La botta

7 maggio 2012, elezioni amministrative in Italia. Il centrodestra ha preso una batosta colossale e risulta agonizzante, il centrosinistra boccheggia ma tiene, il centro o terzo polo (comunque lo si voglia chiamare) subisce una battuta d’arresto. Anche la Lega non brilla pur tenendo saldo e persino l’Italia dei Valori di Di Pietro tutto sommato non è che possa gioire. I veri protagonisti sono Tosi a Verona e Orlando a Palermo (Orlando andrà al ballottaggio mentre Tosi risulta eletto con una percentuale bulgara).
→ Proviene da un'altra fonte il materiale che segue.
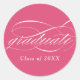 Pink Modern Elegant Script Graduation Classic Round Sticker dispose d'un script magnifique et élégant, ainsi que votre année de classe.

I veronesi hanno premiato il loro sindaco e i palermitani non solo non hanno dimenticato Orlando che era in prima fila in anni difficilissimi ma gli hanno dato fiducia e calorosa accoglienza. Mentre il centrodestra ammette (per forza visto lo scivolone clamoroso) la sua sconfitta che era comunque nell’aria, dovendo “statisticamente” pagare lo scotto delle vicissitudini di Berlusconi prima e della crisi dopo ed avendo appoggiato un governo di tecnocrati che si sta rivelando una accozzaglia di incompetenti, il centrosinistra che non brilla per personalità riesce (e meno male per loro) a sopravvivere, con qualche perdita e nonostante l’assenza di un leader. Però in quei lidi un personaggio vecchio ma sempre arguto e battagliero torna all’attacco: Massimo D’Alema. D’Alema accarezza il “terzo polo”, cerca di tornare in auge da quel passato antichissimo che lo vide primo comunista alla guida di un governo repubblicano in Italia. Ma il suo passato di “cardinale tessitore” con occhi a sinistra e a destra e un marchio ingombrante come quello del Partito Comunista Italiano che fu di Togliatti e Berlinguer non lo facilitano. Resta comunque un uomo che lucidamente reclama il posto di comando in un centrosinistra dove il centro si è fatto un altro partito e la sinistra si vergogna di esistere demandando la sua tradizione solo al giovane e brillante incantatore di serpenti Vendola. Ma a parte il buon vecchio D’Alema che forse è il toccasana che serve a una sinistra inconcludente e confusa adesso si profila il paradosso: il comico Beppe Grillo prende una valanga di voti (il suo movimento). Il paradosso sta nel fatto che la gente va a votare uno che protesta e non esprime idee, la protesta senza la responsabilità della proposta. Finiremo governati dai comici? Per quanto io voglia bene all’eccellente Grillo parlante preferisco che a fare la politica siano i politici, magari con qualche soldo in meno e un po’ di dignità in più.